You probably noticed, in its current state, the table above cannot generate this report. We don’t have an appropriate date field and quantities aren’t cumulative. The good news is that, utilizing a loop, with a few lines of code we can create a table that will serve our purpose. In order to generate the requested report, we need to create a table that looks like this. Notice that quantities are cumulative and we have a one record for each product every day.

RunDate Product Quantity
1/1/09 Widget 0
1/1/09 Super-Widget 0
1/2/09 Widget 10
1/2/09 Super-Widget 0
1/3/09 Widget 27
1/3/09 Super-Widget 0
1/4/09 Widget 27
1/4/09 Super-Widget 50

So how do we get from Point A to Point B? Good question. There are two steps. Let’s dive in.

 

STEP #1: It’s loop time.

Using a combination of a DO UNTIL loop and the OUTPUT statement, we can generate a new order record for every date that each order existed within the fiscal year. “What?” You might say. Take the first order (2135468). That order was placed on 1/2/09, which means it should be included in the cumulative quantity from 1/2/09 – 12/31/09. Therefore, we need to create 363 new records for that order which contain the dates 1/3 – 12/31, so when we summarize that quantity is included in the total. This can be accomplished by using the following code.


*Fiscal Year start date;
%LET BEGDTE = ‘01JAN2009’D;

*Date of current reporting;
%LET RPTDTE = ‘04JAN2009’D;

DATA TEST_2;
	SET TEST_1;
	RUNDATE = &RPTDTE.;
	DO WHILE (RUNDATE GE &BEGDTE.);
		IF ORDERDATE le RUNDATE;
		OUTPUT;
		RUNDATE = RUNDATE - 1;
	END;
RUN;


This will create a table that contains an individual record for every order on every date that order existed between the reporting date and the order date. If you have a large orders table this step could result in millions of records. Literally.

 

STEP #2: Summarize the data.
After that we can use a simple PROC SUMMARY to summarize the data and we have successfully moved from Point A to Point B.

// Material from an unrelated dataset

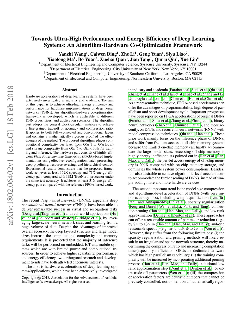 Hardware accelerations of deep learning systems have been extensively investigated in industry and academia. The aim of this paper is to achieve ultra-high energy efficiency and performance for hardware implementations of deep neural networks (DNNs). An algorithm-hardware co-optimization framework is developed, which is applicable to different DNN types, sizes, and application scenarios. The algorithm part adopts the general block-circulant matrices to achieve a fine-grained tradeoff between accuracy and compression ratio. It applies to both fully-connected and convolutional layers and contains a mathematically rigorous proof of the effectiveness of the method. The proposed algorithm reduces computational complexity per layer from O() to O() and storage complexity from O() to O(), both for training and inference. The hardware part consists of highly efficient Field Programmable Gate Array (FPGA)-based implementations using effective reconfiguration, batch processing, deep pipelining, resource re-using, and hierarchical control. Experimental results demonstrate that the proposed framework achieves at least 152X speedup and 71X energy efficiency gain compared with IBM TrueNorth processor under the same test accuracy. It achieves at least 31X energy efficiency gain compared with the reference FPGA-based work.

PROC SUMMARY DATA=TEST_2 NWAY MISSING;
        CLASS RUNDATE PRODUCT;
	VAR QUANTITY;
        OUTPUT OUT=TEST_3 (DROP=_TYPE_ _FREQ_) SUM=;
RUN;


We can now generate the requested trend report and the client is happy. What more could you ask.

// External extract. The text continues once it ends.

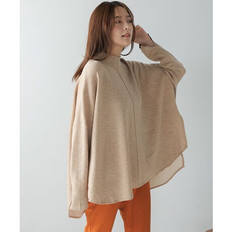 配色のリバーシブルニット編地のポンチョ風プルオーバー。

DO Loops: Useful Tool in SAS User’s Toolbox

DO Loops in SAS are outside the scope of what most beginning users feel comfortable tackling. However, they are a powerful, time-saving tool in the report writer’s toolbox. For those unfamiliar with programming, loops are a set of instructions that the programmer tells the computer to repeat until predefined condition(s) are true. It’s a simple concept but powerful in execution.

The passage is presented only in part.